Has any Philly athlete ever experienced the highs and lows that Nelson Agholor has experienced?
From three crucial first-down catches on the game-winning drive in a Super Bowl to … to pretty much everything since.
Nelly’s Eagles career is most likely over after five years. He caught just 39 passes for 363 yards and three TDs in 11 games this year and missed six of the last eight games while battling a mysterious knee injury.
After catching 18 passes for 168 yards and three TDs the first three weeks of the season, he had only 21 catches for 195 yards and no TDs in his last eight games.
And now he’s about to become a free agent for the first time.
Agholor spoke Monday, a day after the Eagles’ season ended, and reflected on five years of extreme highs and the lowest of the lows.
“Amazing,” he said. “Growth.

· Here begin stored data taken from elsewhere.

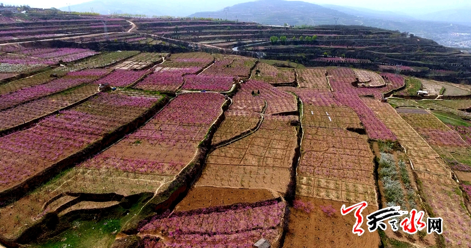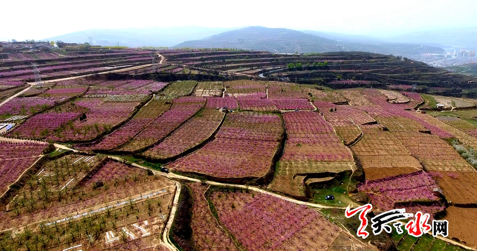 最美不过四月天,桃乡百里尽粉面。2017年甘肃秦安桃花会近日迎来桃花盛开的高峰期,伴着春和景明的明媚春光,被誉为“中国桃乡”的秦安桃红盈野,诗意盎然。
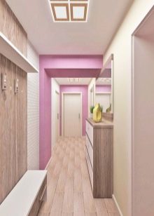 - التقسيم. يمكن تقسيم الممر إلى منطقتين وظيفيتين: المدخل والممر الفعلي واللوبي. تتميز بمواد وألوان مختلفة وأثاث مناسب. على سبيل المثال ، في منطقة المدخل ، يمكنك ترك شماعات للملابس الخارجية ، ورف للأحذية ، ووسادة ، وفي الردهة يمكنك وضع خزانة ذات أدراج ، وحجر رصيف ، ومرآة ، ورفوف للعناصر الزخرفية ، وزخارف الجدران. عند المدخل ، ضع بلاط الأرضية بألوان داكنة وقم بتغطية الباقي ، على سبيل المثال ، بألواح خشبية أو باركيه أو ألوان مختلفة. يمكنك أيضًا استخدام بساط للفصل..
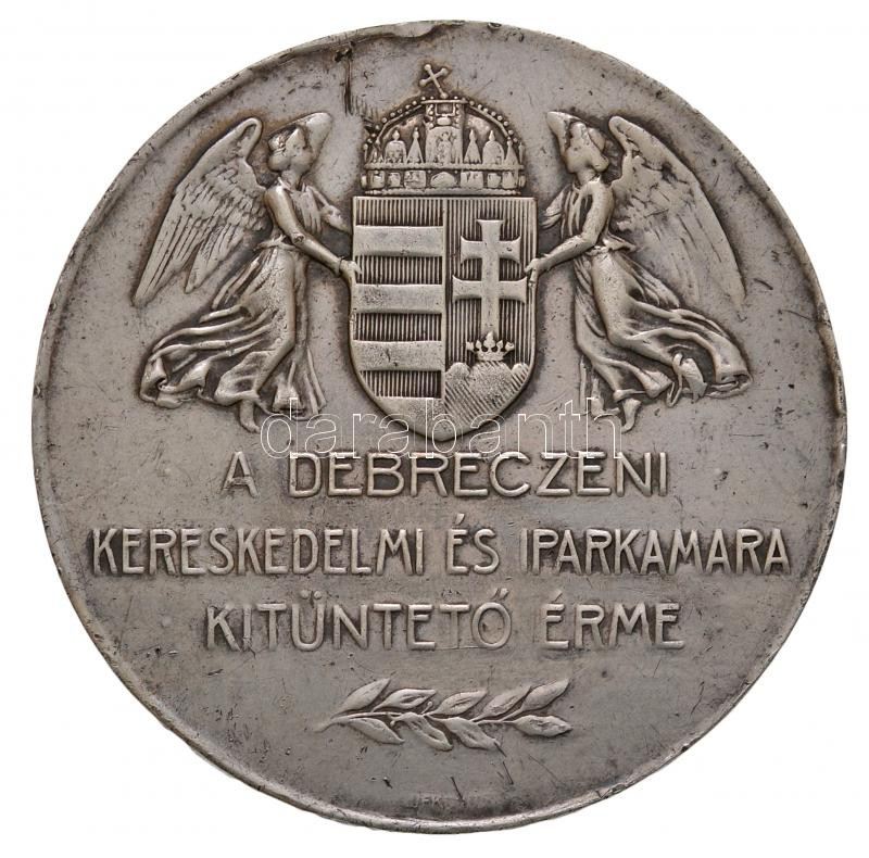 Löfkovits Arthur (1863-1935) 1914. "A Debreczeni Kereskedelmi és Iparkamara kitüntető érme / Jeles tanulókból lesznek kitűnő mesterek!" jelzetlen Ag emlékérem (42,37g/50mm) T:2- több ph.
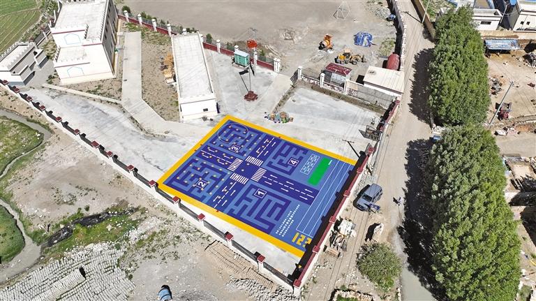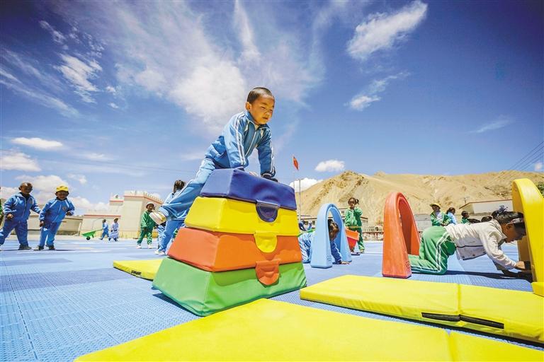 “新操場(chǎng)是我們的游樂場(chǎng)?!绷鶜q的旦增次央第一次見到新操場(chǎng)時(shí)開心極了,“在新操場(chǎng)上可以跑可以跳,還有好多新玩具,太好玩了!”
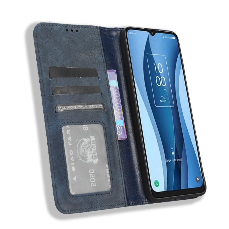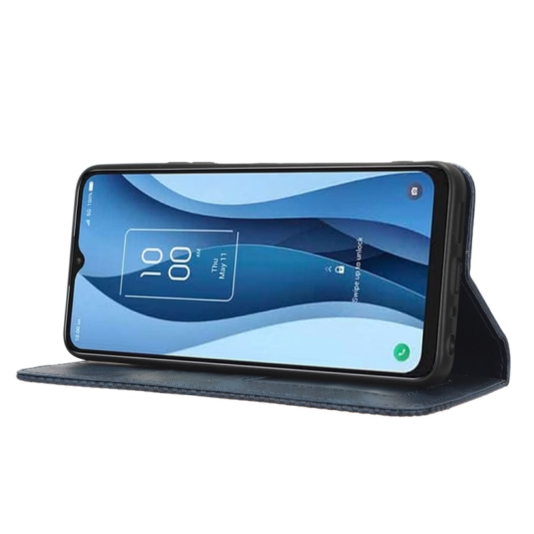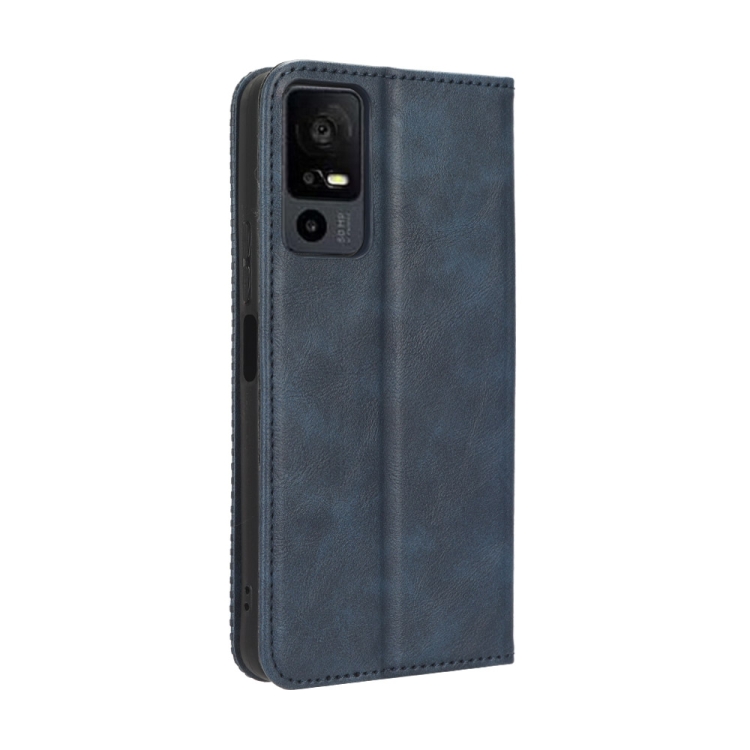 Funda de Cuero para TCL 40 XL con Hebilla Magnética y Textura Retro (Azul)
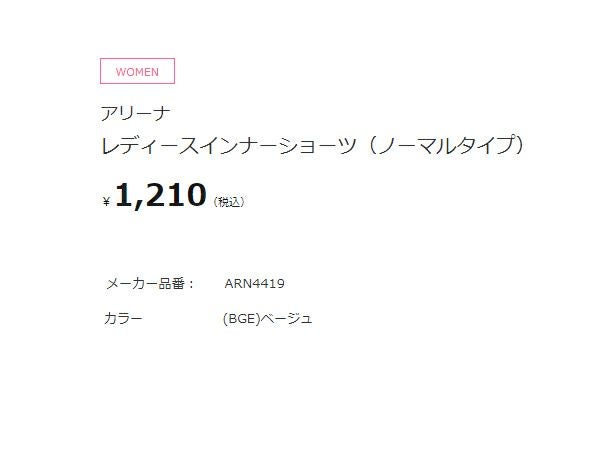 【10%OFF】 アリーナ arena インナーショーツ(ノーマルタイプ) レディース ベージュ 水泳 スイム インナー ショーツ ARN4419-BGE
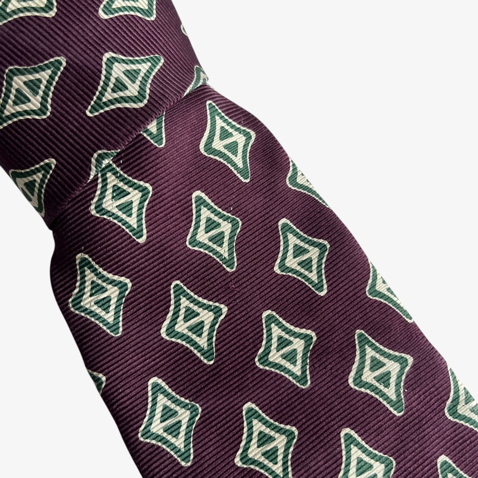 Hickey Freeman Silk Tie Purple Geometric Medallion Men’s Necktie Made in Italy
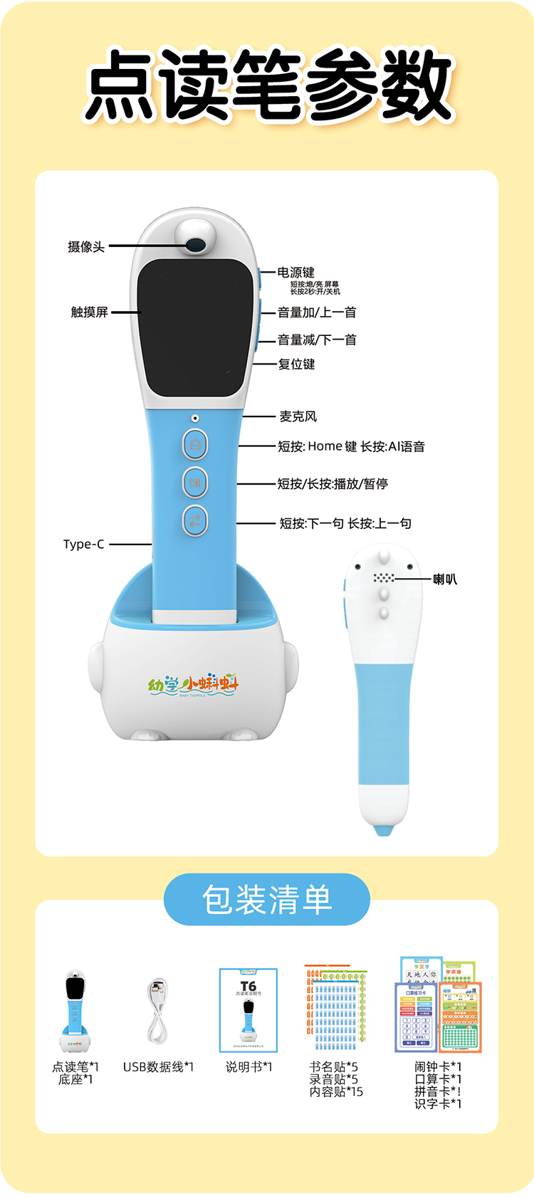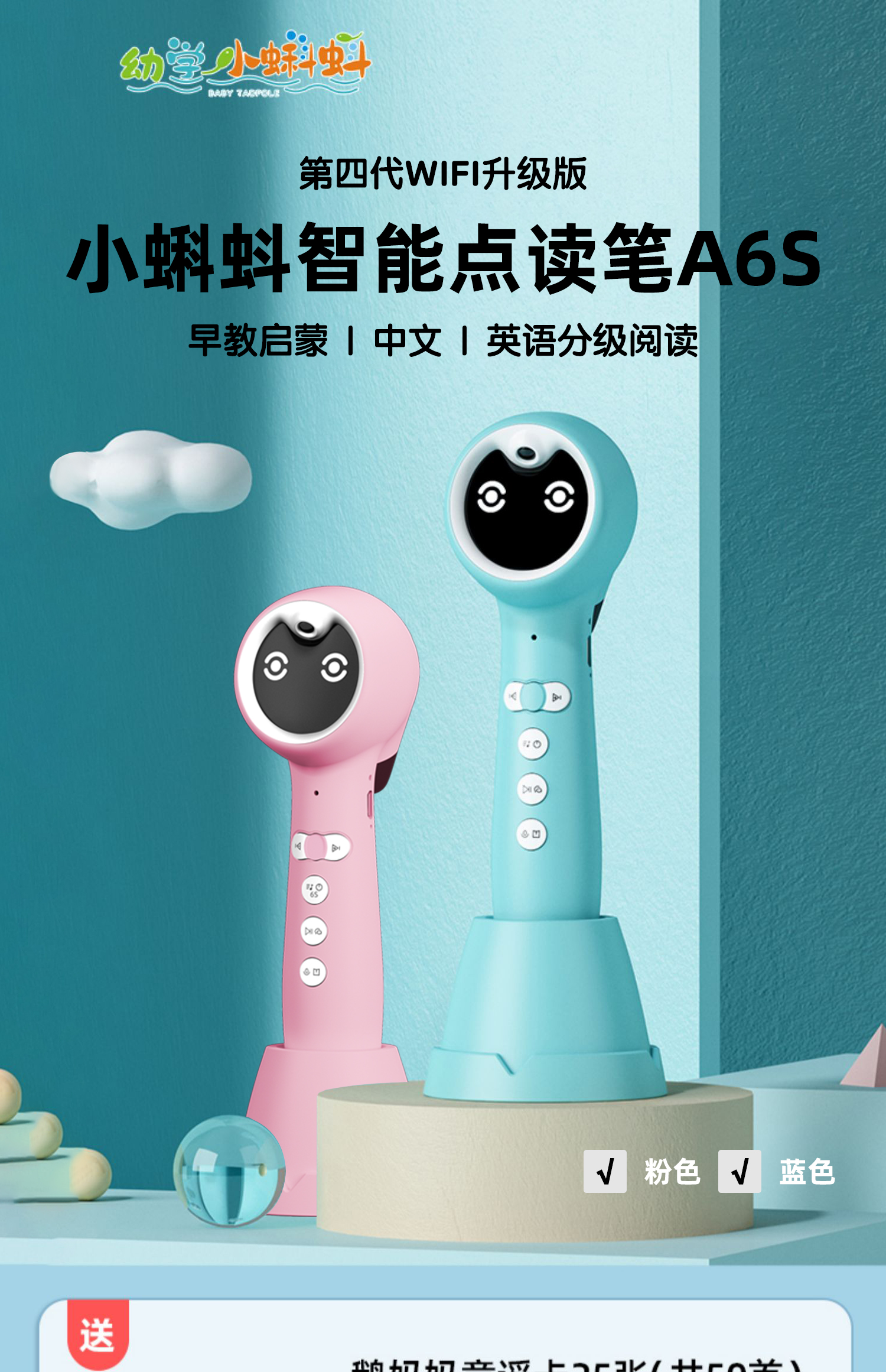小蝌蚪A3S /A6S/T6/P5 (64G) 智能双语点读笔 早教启蒙 |中文 |英语分级阅读
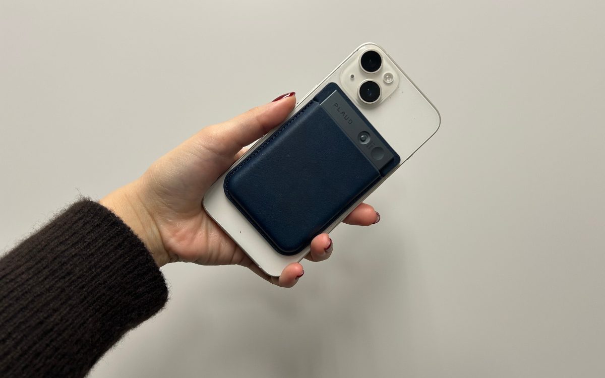 本体はMagsafe対応のレザーケースとセットで、パッと見た印象は「薄型のカードケース」。私はMagsafe非対応機種なので、こんな感じで付属のマグネットシールを貼っています。
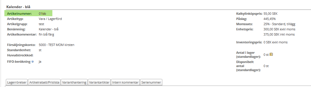 Genom att klicka på Artikelnumret kommer du till ”Artikelkortet” med all information om artikeln praktiskt samlad under olika flikar. Välj ”Editera Artikel” i menyn i överkanten för att få möjlighet att ändra informationen på artikeln.
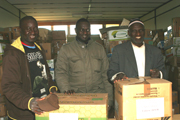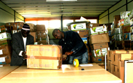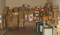 centenas de caixas prontas a seguirem para a Guiné-Bissau |
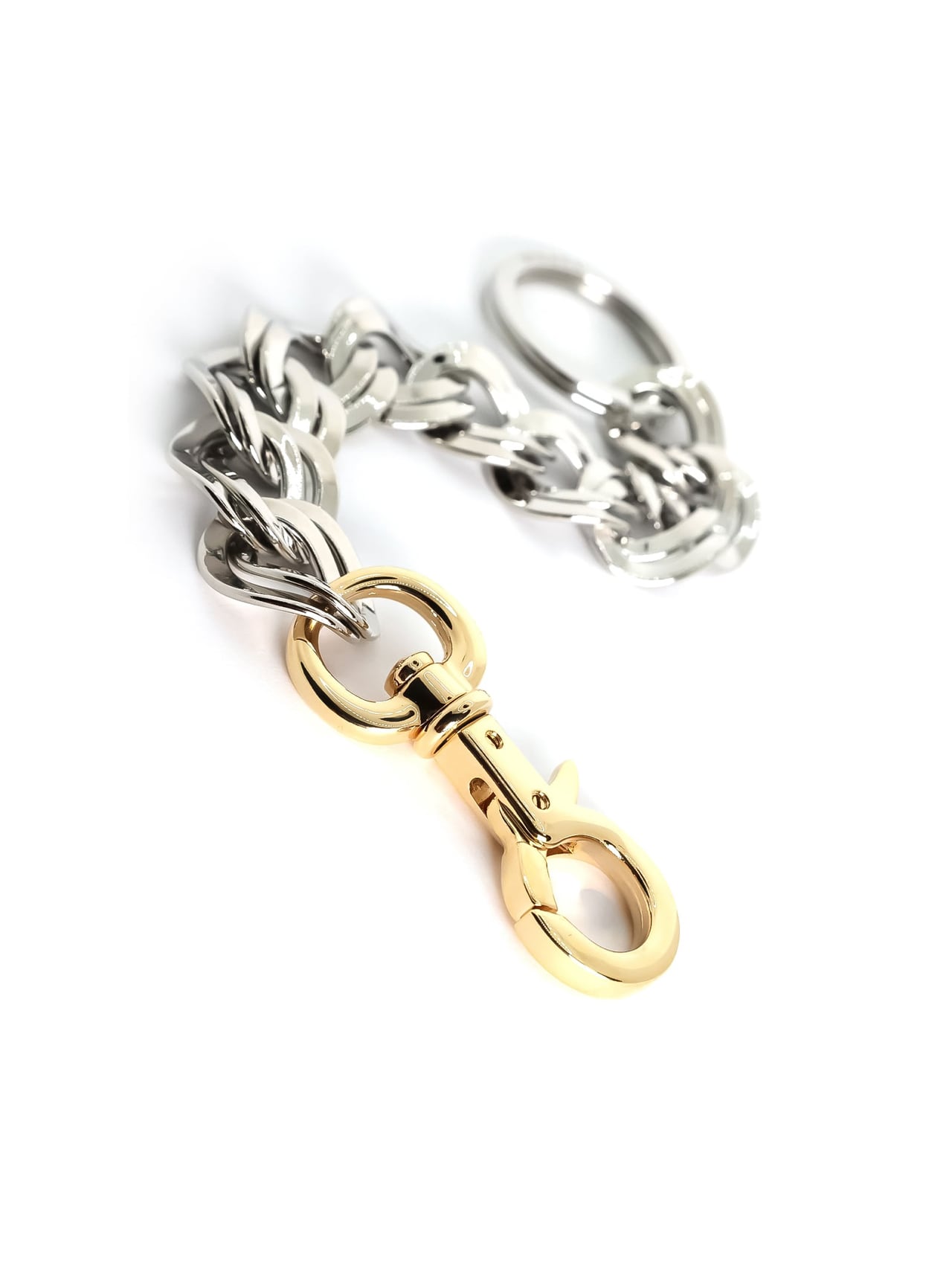 ツインカーブチェーンを使用したキーチェーン兼ブレスレット。通常のチェーンに比べてフラットな面が多く、強い光沢を放ちラグジュアリーな印象を与えてくれます。Silverには一部Goldのカラビナ、Goldには一部Silverのカラビナが使用されており、上品なアクセントになっています。
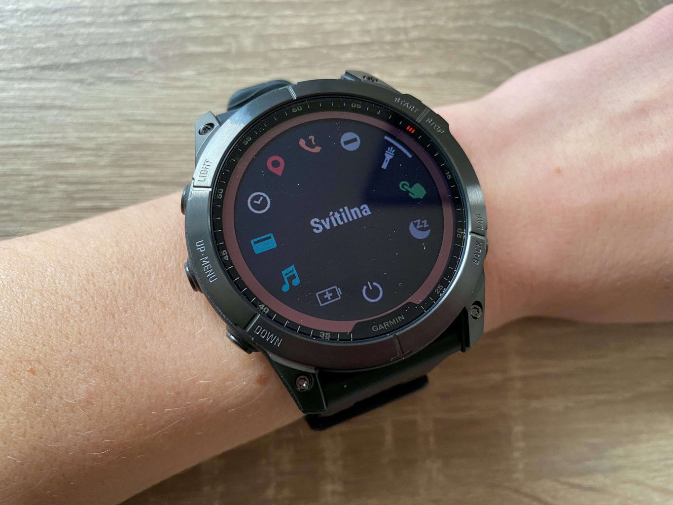 W zegarku można również opcjonalnie włączyć lub wyłączyć podświetlenie wyświetlacza. Służy do tego przycisk oznaczony słowem Light znajdujący się po lewej stronie zegarka. Do sterowania zegarkiem służy zarówno ekran dotykowy, jak i pięć przycisków umieszczonych po bokach. Dwa przyciski znajdują się po prawej stronie, a trzy po lewej.
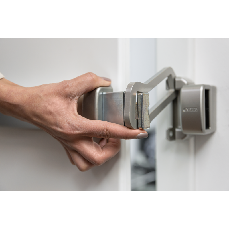Závora ABUS PR2600 zajišťuje dveře po celé jejich šířce – oba masivní čepy se uzamykají do protikusů kotvených do zdiva. Díky převodovému mechanismu pracuje závora mimořádně tiše a hladce. Vhodná pro dřevěné, kovové i plastové dveře.
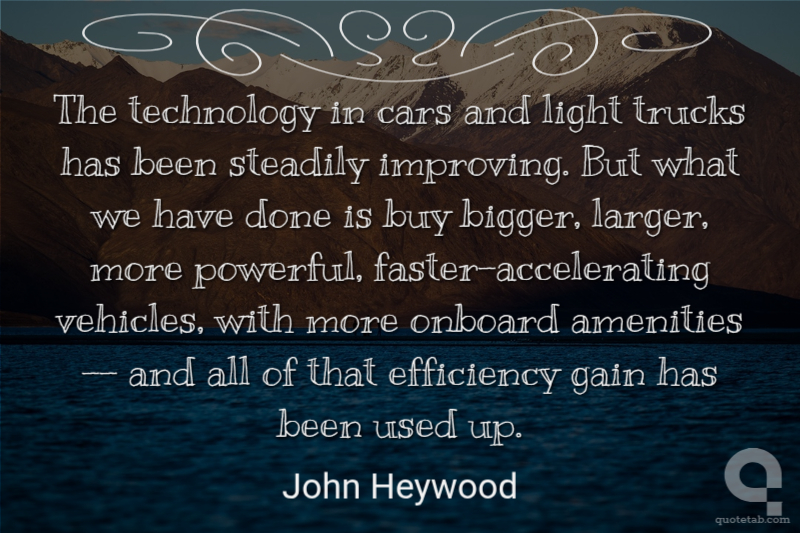 The technology in cars and light trucks has been steadily improving. But what we have done is buy bigger, larger, more powerful, faster-accelerating vehicles, with more onboard amenities -- and all of that efficiency gain has been used up.
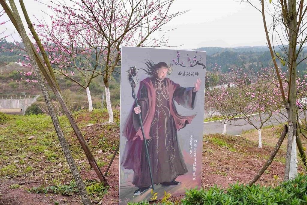 被湖水环绕的桃花岛上,大片玫红色桃花开得正艳,空气中飘散着芬香气息。桃林中还有众多武侠剧主角的人形立牌:黄蓉、郭靖、白浅……,引得游客合影留念。

Definitely growth. Opportunity to go through hard times and be at the highest point of happiness, too. I think I saw lows and I saw the ultimate high and in those opportunities is when you grow the most.”
Agholor had 9-for-84 in the Super Bowl, including three catches for 42 yards on the game-winning fourth-quarter drive.
That was supposed to be a springboard to bigger and better things for Agholor.
It never happened.
“The ultimate high, I’ve had some lows that really helped me grow as a man and put me at peace with understanding things you can’t control and also looking at yourself in the mirror and finding ways to get better,” he said. “It’s been a beautiful thing and it’s really helped form who I am as a man and I’m happy for that.”
It’s tricky trying to determine Agholor’s value on the open market.
He’s got 224 catches for 2,515 yards and 18 TDs over the last five years, which puts him between 40th and 50th in the league since he entered the league as a 1st-round pick in 2015.
Someone will sign him, but it will likely be an incentive-laden deal more in the $3 million per year range than the $9.4 million he earned this year.
“Having a choice is a good thing, but they always say the grass is always greener on the other side, so you have to remember that,” he said. “It’s a blessing to have been a Philadelphia Eagle and if the opportunity continues to be here I’ll be happy for that, too.”
Agholor described his knee injury as degloving, which happens when your skin is torn from the bone or connective tissue.
He said he underwent five treatments to try and resolve the problem and get on the field. He stayed on the 53-man roster because his doctors felt he had a chance to recover.
“You don’t put somebody on IR when you’re trying to follow protocol that could bring them back,” he said.
He said he’s seeing a specialist in Pittsburgh to learn more about the injury and determine what to do next.
“It ended up overtaking my kneecap and my quad muscle,” he said. “Degloving is something that happens to people who get into car accidents and it’s a shearing of the tissue that forms continuous inflammation. I have studied it a little bit, but it’s hard for me to explain because it’s like how the hell do you do that in football? But it happened.”
Agholor first hurt his knee back in Week 5 in a loss to the Vikings. He aggravated it a month later when he landed on his knee in the end zone at the end of loss to the Patriots.
How much were his knee issues related to his inability to make the big plays he had a chance to make? We’ll never know.
“It wasn’t easy at all,” he said about the 2019 season. “It’s something I hated. I want to be healthy and play at a high level to help these guys out. It was a learning opportunity for me. Obviously when you go through things like this when you’re younger it’s a little bit harder. When you’re older it’s a chance for you to grow.”
When Agholor plays football again, it will be somewhere else. Few people have ever been in need of the proverbial fresh start more than Agholor.